Items from a dataset:
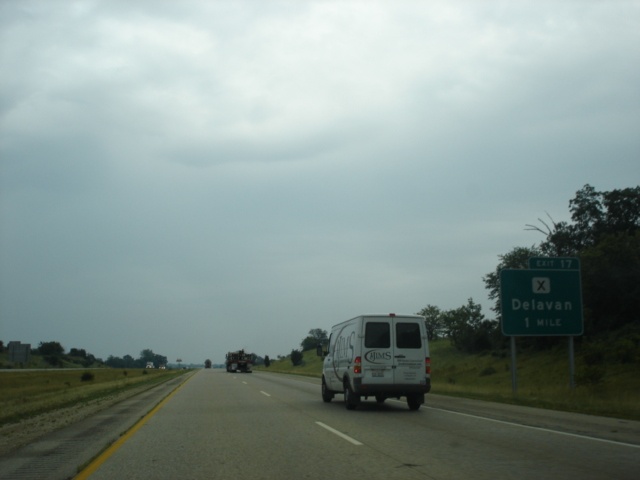 Interstate 43 North at Exit 17 - Walworth County X - Delavan. This is the first of two exits to serve the city of Delavan, population 7,956. (Photo taken 7/12/05) |
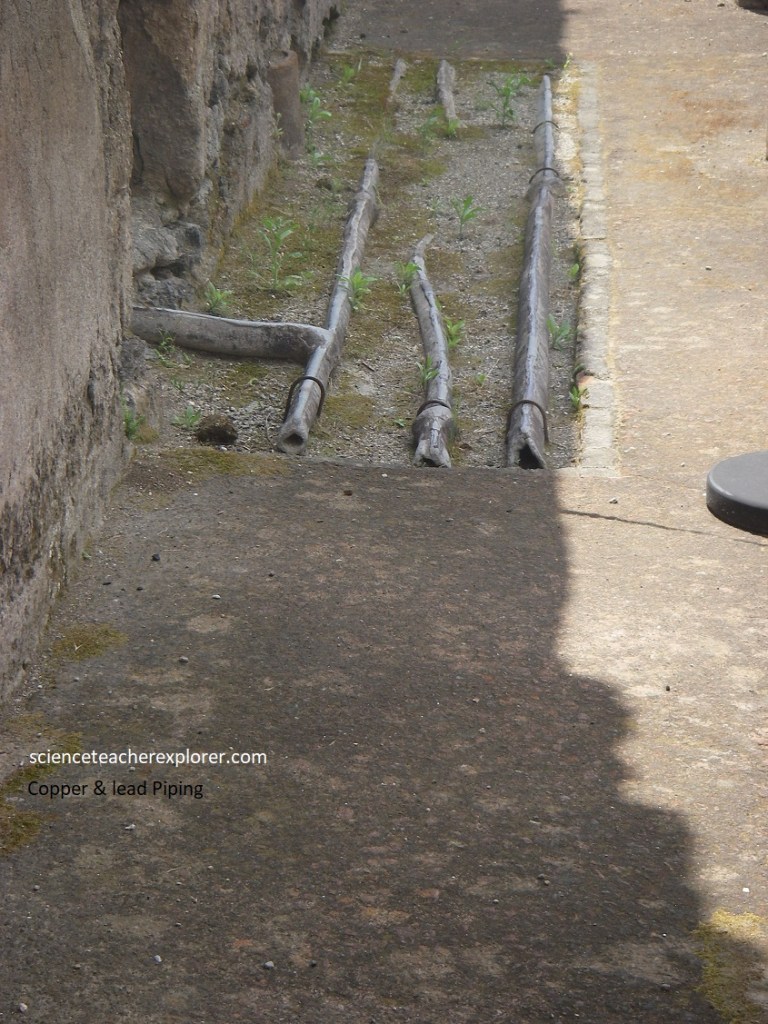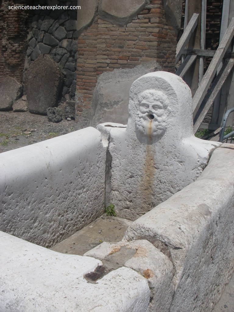 At the corner between the Decumanus Maximus and Cardo V is a public fountain, decorated with he head of Neptune framed by 2 dophins. Alongside was a brick pillar with a recess still bearing part of a lead pipe, a castellum aquae, which enabled the regulation of the pressure, flow and distribution of the water from the Augustan aqueduct of Serino. Becky and I continued exploring down Cardo V, (pictured below).
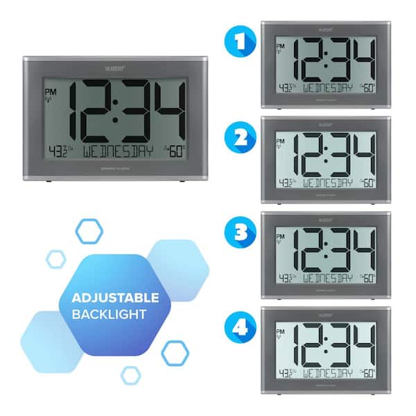 Extra-Large Slim Atomic Digital Cool Gray Clock with Backlight
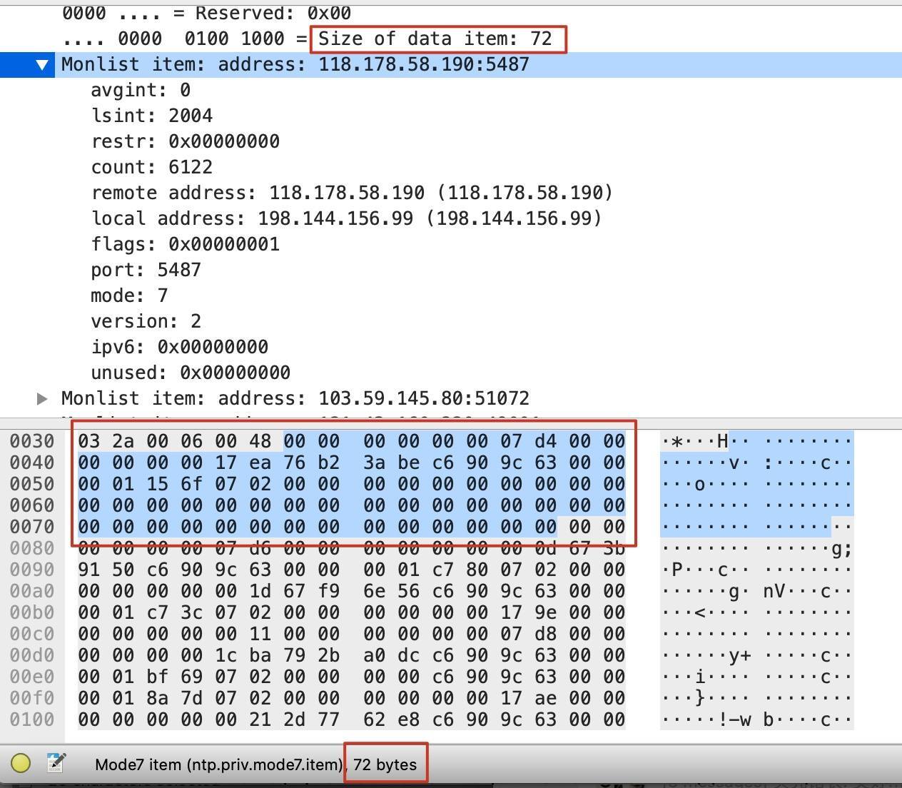 响应包按照每6个IP进行分割,最多有100个响应包。这样的话,一个简单的NTP Monlist响应,就可能是请求的200多倍。想象一下,如果请求是1Gbps,那这次反射攻击就可以达到200Gbps以上,实在惊人!
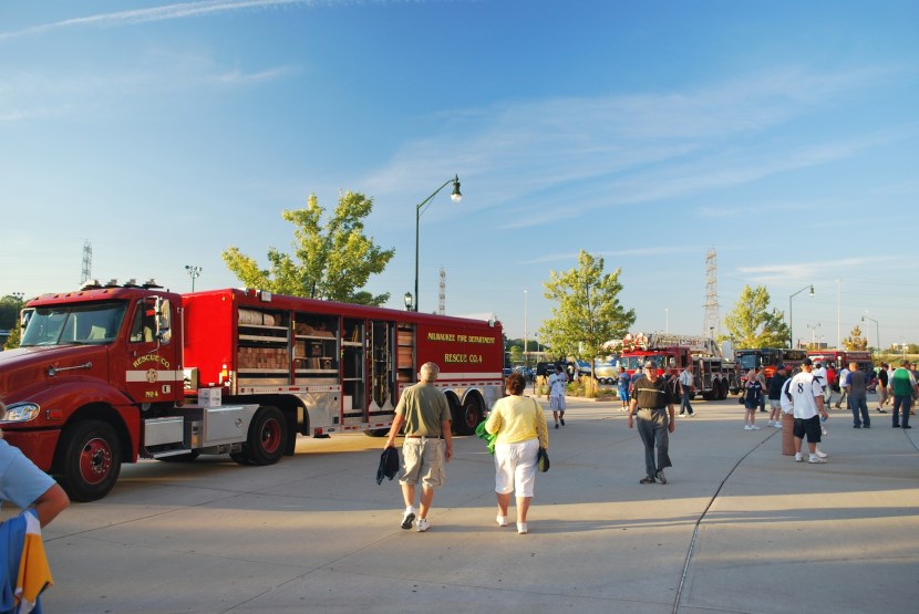 They had a bunch of fire trucks at the park on Tuesday to help remember the first responders who saved lives and lost their own on 9/11 (and to honor those who currently serve). There were a lot more than what are pictured below (I should’ve counted, I did not).
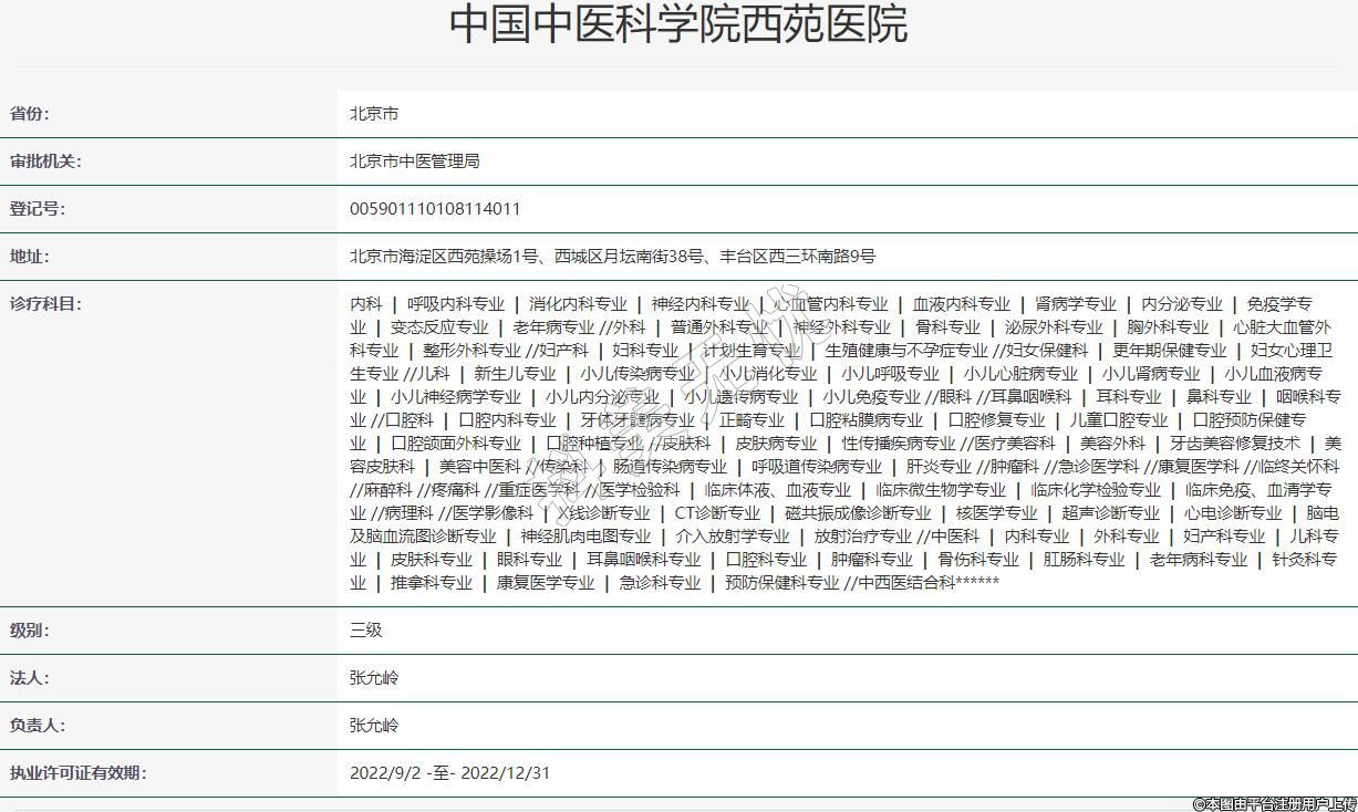 中國中醫(yī)科學院西苑醫(yī)院
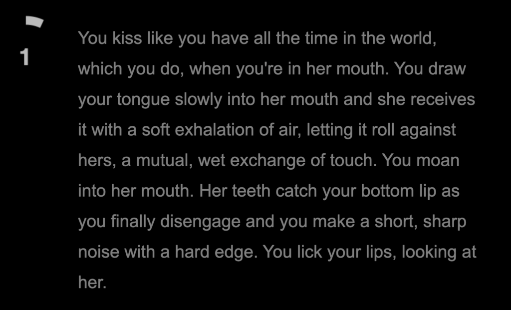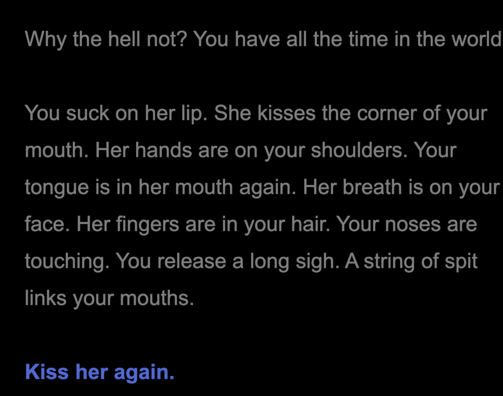 The “Kiss” to “Slowly” path is actively working against any attempt at “speed running.” The text after slowly is the longest out of all the paths I did, and you have to scroll down to see the blue hyperlink “kiss her again,” which takes up precious time.
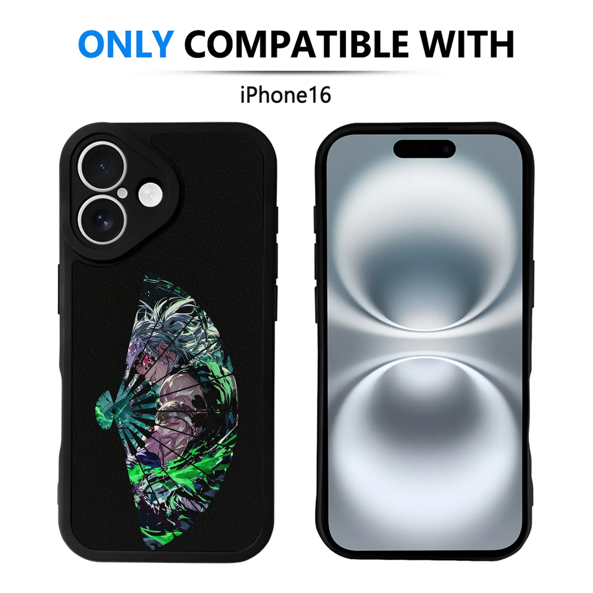 鬼滅の刃 グッズ,宇髄 天元 - IPhone 16シリーズ対応 ・ シリコンスマホケース ・ レザー調 ・ 高精度フィット ・ 耐衝撃 ・ ワイヤレス充電対応 ・ 精密カット
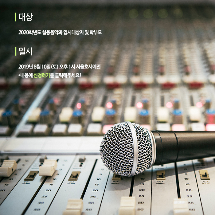 오는 2019년 8월 10일(토) 실용음악과 입시생들을 위한 전국 실용음악과 입시전략설명회가 아래와 같이 개최됩니다. 입시를 준비하고 있는 여러분들의 많은 참여 바랍니다.

TASK DETAILS
Reproduce verbatim every line starting at the line that holds "鬼滅の刃 グッズ,宇髄 天元" and ending with the final line of the data; omit the pictures.

COMPLETED TASK
 鬼滅の刃 グッズ,宇髄 天元 - IPhone 16シリーズ対応 ・ シリコンスマホケース ・ レザー調 ・ 高精度フィット ・ 耐衝撃 ・ ワイヤレス充電対応 ・ 精密カット
 오는 2019년 8월 10일(토) 실용음악과 입시생들을 위한 전국 실용음악과 입시전략설명회가 아래와 같이 개최됩니다. 입시를 준비하고 있는 여러분들의 많은 참여 바랍니다.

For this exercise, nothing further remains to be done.